Do You ya-HOO! 24/7?


Image representing Yahoo! as depicted in Crunc...

Image via CrunchBase

Last week, you asked your daughter if she had a ‘ya-HOO! account.

“Mom, why do you always say ya-HOO!?”  “It’s just, Yahoo.”

“Well, because when I was growing up, I yelled ‘Ya-HOO!  Mountain Dew!’ along with the commercial.”  And along with Wishbone, the cook in the TV show ‘Rawhide.’  During your childhood, you had a steady diet of cowboy westerns:  Bonanza, Branded, Daniel BooneDeath Valley Days, Maverick, Roy Rogers and Wagon Train.  Not one character on those shows would be caught dead just calling, ‘Yahoo!‘  It’s Ya-HOO! or bust.

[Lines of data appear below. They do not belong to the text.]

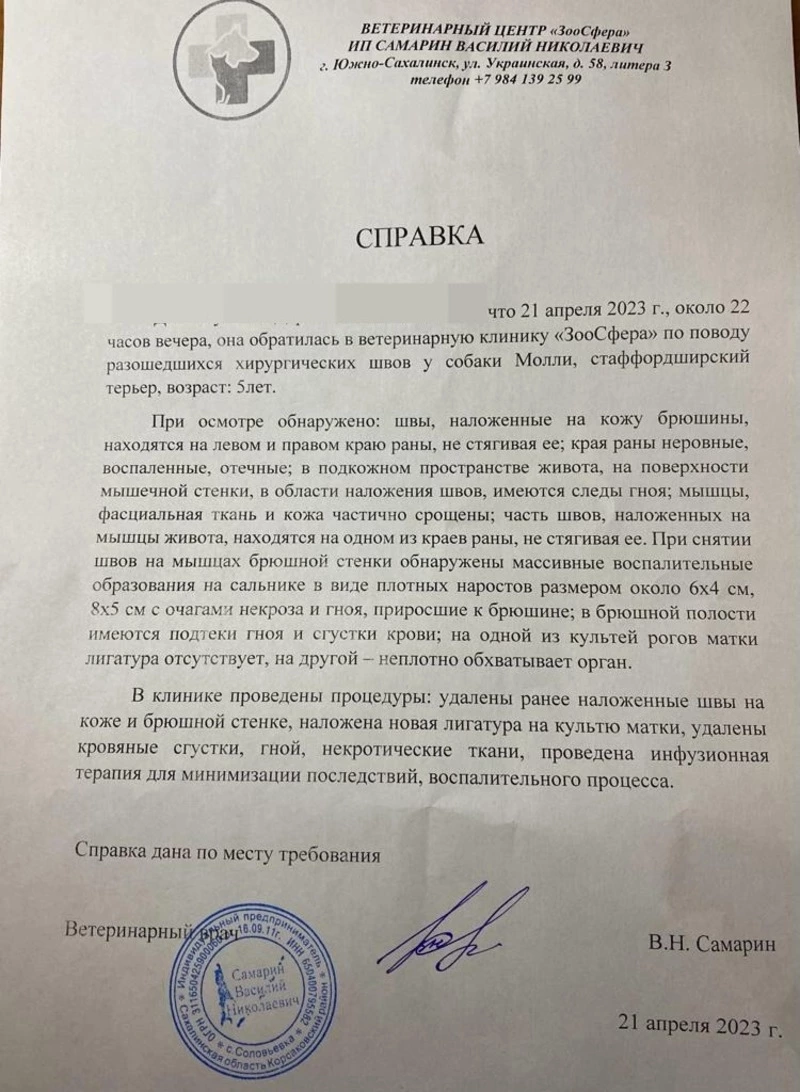 «14 апреля мы решили провести плановую операцию по стерилизации нашей пятилетней собаки Молли. Операция элементарная, которую врачи выполняют очень часто, особенно в этой клинике, так как там стерилизуют не только домашних, но и бездомных животных. Мы подумали, что с его опытом и огромной практикой в этой операции он сделает ее идеально», — рассказала сахалинка.
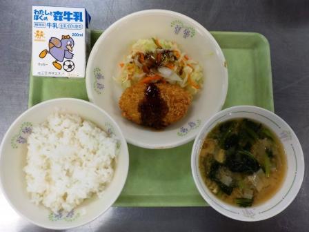今日の給食は「ごはん・牛乳・大豆コロッケ・
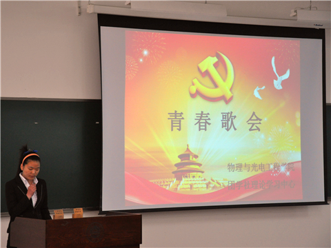 5月5日上午,由物理与光电工程学院团委理论学习中心举办的第八届青春歌会于西部综合楼B501教室顺利举办。来自宝威体育平台13级的6个支部的同学们轮流上场,进行了一番激烈角逐。出席本次比赛的嘉宾有物理与光电工程学院学生会主席刘聪越、办公室主任张紫薇、文化部部长魏鹏、团委组织部部长崔佳琪、团委理论学习中心主任刘鑫怡、学生会新闻部部长弋开阳以及管理与经济学部文化部部长陈曦和外国语学院文化部部长许芷嘉。
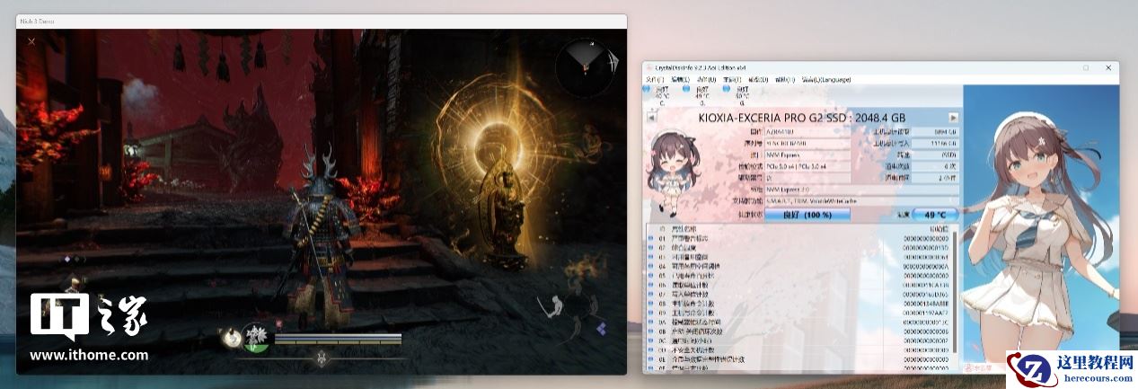 游戏运行十分钟后,CDI 显示的硬盘实时温度为 49°C,即使是在中等负载的游戏场景下,铠侠 Exceria PRO G2 固态硬盘依旧没有超过 50°C,玩家朋友们可以放心入手。
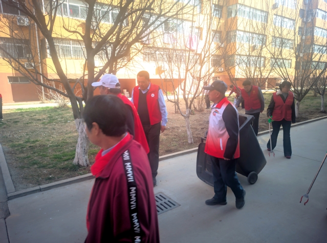仪式结束后,在qy球友会(离退休干部党委)负责同志的带领下,支部党员和小区群众志愿者一起迅速投入到小区安全卫生排查和清理中。老同志们虽已银发苍苍,但精神矍铄,干劲十足。他们身穿红色志愿马甲,手持夹子、垃圾袋等工具,分组深入小区的绿化带、公共活动区域和卫生死角开展清理,并仔细检查小区内各项安全隐患。
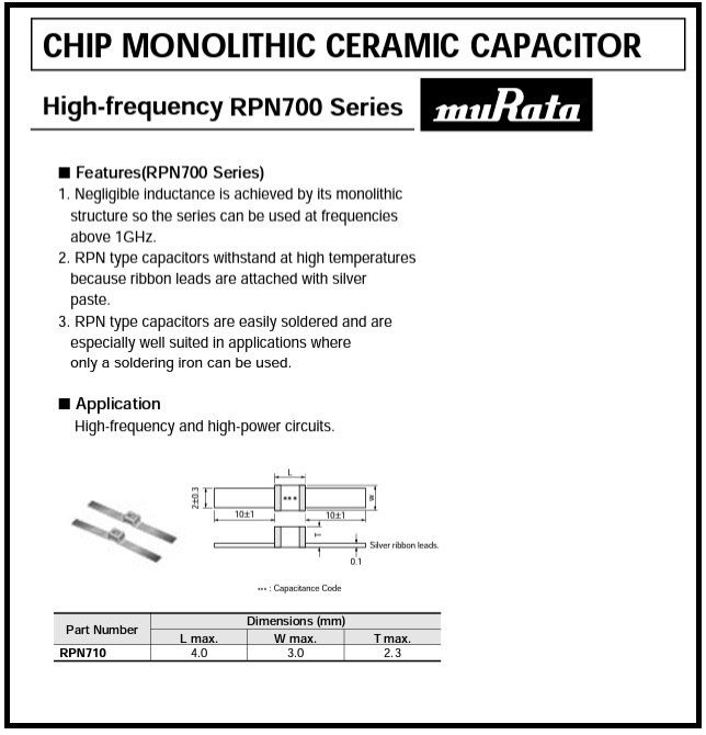 Part No: RPN710C0G220J200. 22pF200V-J
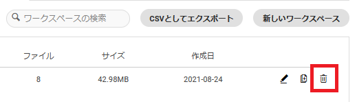 - 削除するワークスペースの横にあるゴミ箱アイコンをクリックします。
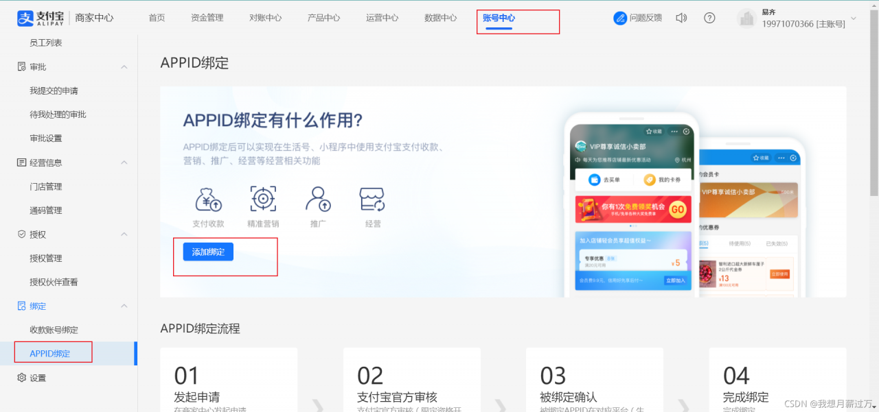 https://mrchportalweb.alipay.com/accountmanage/bind/appIdBindList
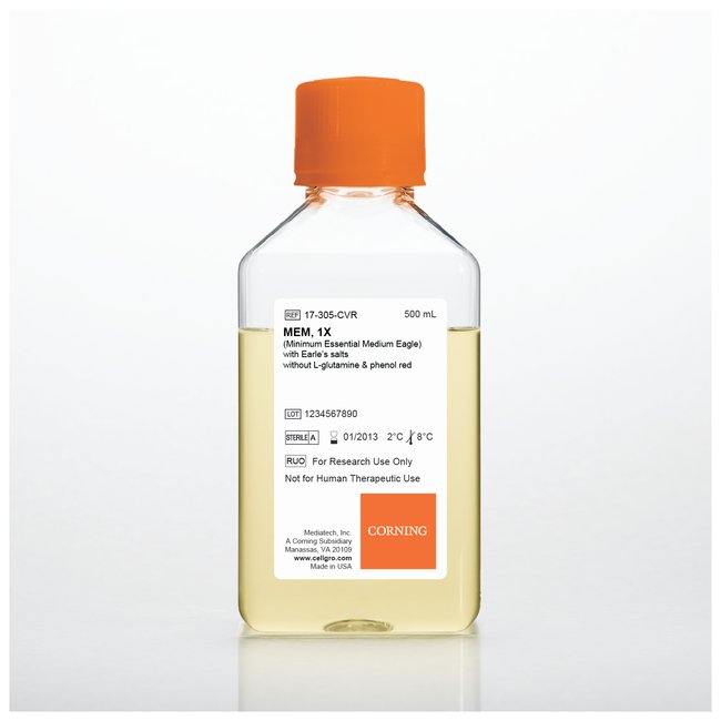 Minimum Essential Medium (MEM) is a common cell culture medium developed from early work using Basal Medium Eagle (BME) with normal mammalian fibroblasts and certain subtypes of HeLa cells. This research indicated that additions made to BME aided cell propagation. MEM is modified with higher concentrations of amino acids to more closely approximate the protein composition of mammalian cells. When supplemented with serum, MEM has been used for cultivation of a wide variety of cells grown in monolayer, such as fibroblast. This formulation contains sodium bicarbonate and does not contain L-glutamine.This product(s) resides on a Fisher Scientific GSA or VA contract. If you are viewing this page as a nonregistered user, the price(s) displayed is List Price. To view your GSA or VA contract pricing, log in using your account number, or become a registered user by contacting one of our Customer Service teams. You can also view your contract price by searching for this item(s) on GSA Advantage. To place an order, contact Fisher Scientific Customer Service.
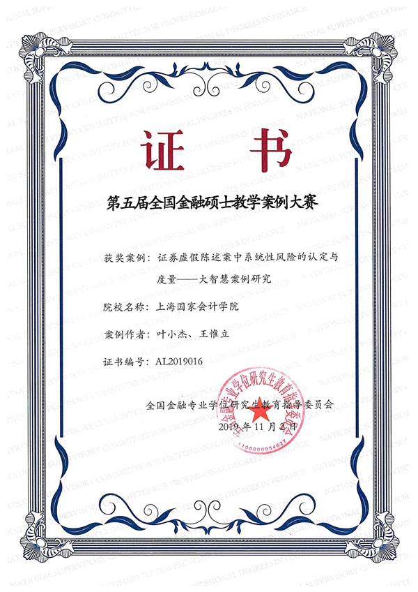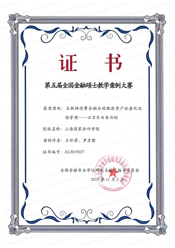 (撰稿/摄影:刘荣光,郑思敏)近日,第五届金融硕士教学案例大赛获奖名单在全国金融专业学位研究生教育指导委员会官网公示结束,我院王怀芳副教授撰写的《互联网消费金融应收账款资产证券化风险管理——以京东白条为例》和叶小杰副教授撰写的《证券虚假陈述案中系统性风险的认定与度量——大智慧案例研究》教学案例荣获全国优秀教学案例奖。这是我院自2018年取得金融学位授权点后首次参加全国金融专业学位研究生教育指导委员会组织的教学案例大赛并获得优秀奖项。
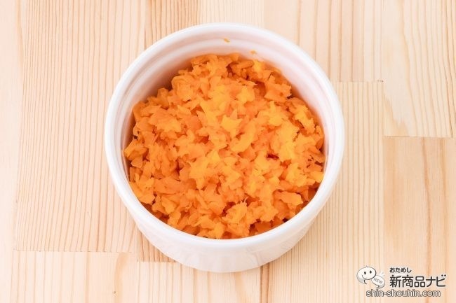 じゃがいもも同じようにきざんでみたら、少し粒を残してきざまれたじゃがいもができあがった。いろんな食感を楽しんでほしい離乳食期にぴったり。
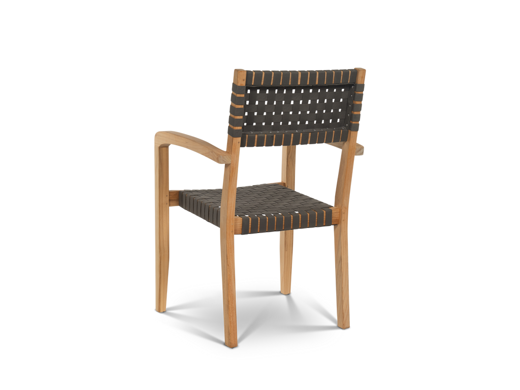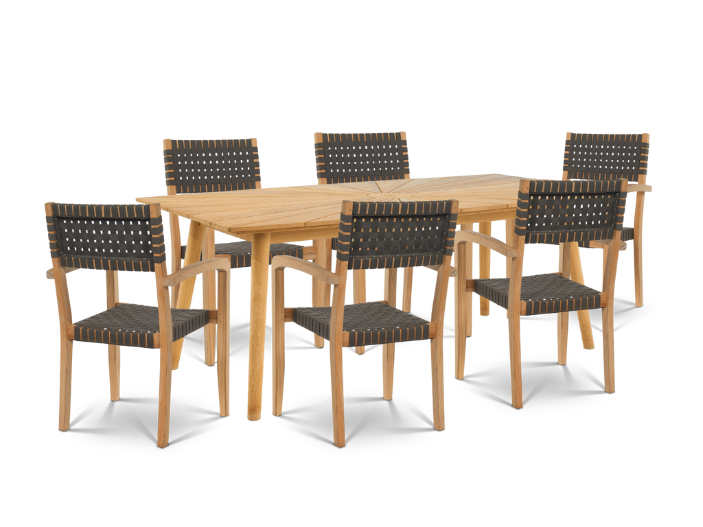 The Cambria Dining Set features our Cambria Rectangular Table's unique starburst pattern of slats and curved sides. The deep overhang of the top allows space for roomy seating and can accommodate eight people. The Herning Armchair has a solid teak frame combined with a hand-woven seat and back straps made from all-weather polyester. This set will be the focal point of your outdoor living space.

Things were much simpler when you were younger; you aren’t accustomed to the new mumbo jumbo lingo.  Back then, there weren’t so many communication options.  You had your telephone: rotary, wall or pink princess.  You had your paper, envelope and stamp.  You kept it simple.

Since the rapid-fire advancements in technology, there are now so many inventions that you older folks have the pesky task of trying to keep track of all of the exact names and terminology. It’s challenging to keep up with all of the trends when you have decades of names already stuffed into your brain.   Plus, nowadays there are such flat-out strange terms like Digger, Google, StumbleUpon, Tumblr and Twitter.  Will they soon morph into Dig-Into, Googler, Stumbler, Tumble-Upon and Twit-Upon?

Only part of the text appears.